** Recorded data follows **

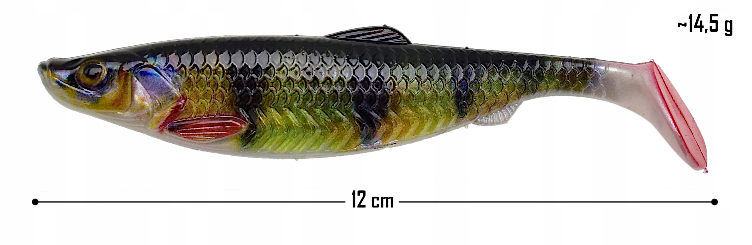 Realistyczna gumowa przynęta wędkarska, wzorowana na kształcie i kolorystyce prawdziwej ryby, zaprojektowana z myślą o skutecznym łowieniu drapieżników. Dzięki naturalnym ruchom w wodzie oraz wyrazistym barwom, idealnie imituje prawdziwą zdobycz, co skutecznie prowokuje drapieżniki do ataku.
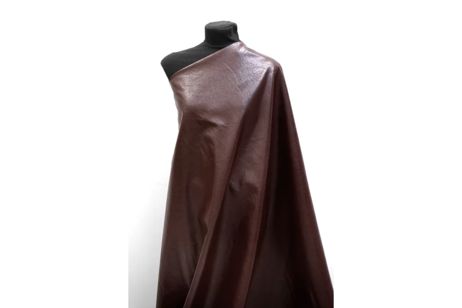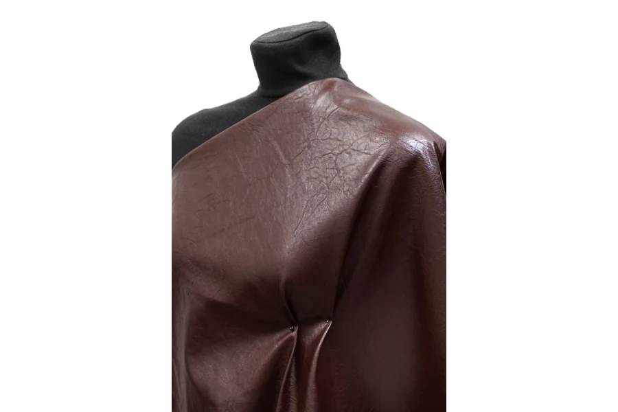 Экокожа на хлопковой основе от бренда Max Mara в насыщенном, затемнённом коричневом цвете (есть очень лёгкий бордовый подтон). Изнаночная сторона - чёрная. Не просвечивает. Средней плотности, из-за натуральной основы может слегка мяться, но восстанавливается и хорошо отпаривается. Пластичная, слегка фактурная, с мелкой "зернистостью", матовая, немного тянется за счет плетения. Мягкая, приятная как с лицевой, так и с изнаночной стороны. Неплохо держит форму. Классный вариант для весенней, осенней одежды и не только. Отлично подойдет на юбки, платья, жакеты, куртки, жилеты, шорты и другие варианты.
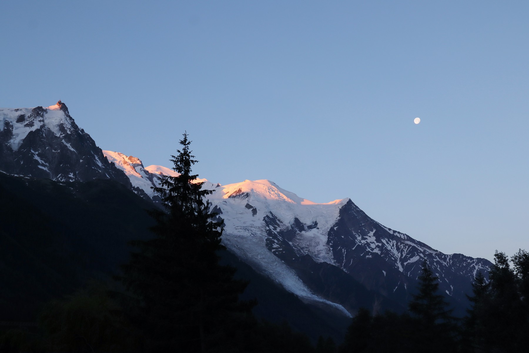 ↑ 朝日に輝く モン・ブラン。

** End of Recorded data **

An exact reproduction of the material above is needed, without its pictures.

● **Solution for this exercise**:
 Realistyczna gumowa przynęta wędkarska, wzorowana na kształcie i kolorystyce prawdziwej ryby, zaprojektowana z myślą o skutecznym łowieniu drapieżników. Dzięki naturalnym ruchom w wodzie oraz wyrazistym barwom, idealnie imituje prawdziwą zdobycz, co skutecznie prowokuje drapieżniki do ataku.
 Экокожа на хлопковой основе от бренда Max Mara в насыщенном, затемнённом коричневом цвете (есть очень лёгкий бордовый подтон). Изнаночная сторона - чёрная. Не просвечивает. Средней плотности, из-за натуральной основы может слегка мяться, но восстанавливается и хорошо отпаривается. Пластичная, слегка фактурная, с мелкой "зернистостью", матовая, немного тянется за счет плетения. Мягкая, приятная как с лицевой, так и с изнаночной стороны. Неплохо держит форму. Классный вариант для весенней, осенней одежды и не только. Отлично подойдет на юбки, платья, жакеты, куртки, жилеты, шорты и другие варианты.
 ↑ 朝日に輝く モン・ブラン。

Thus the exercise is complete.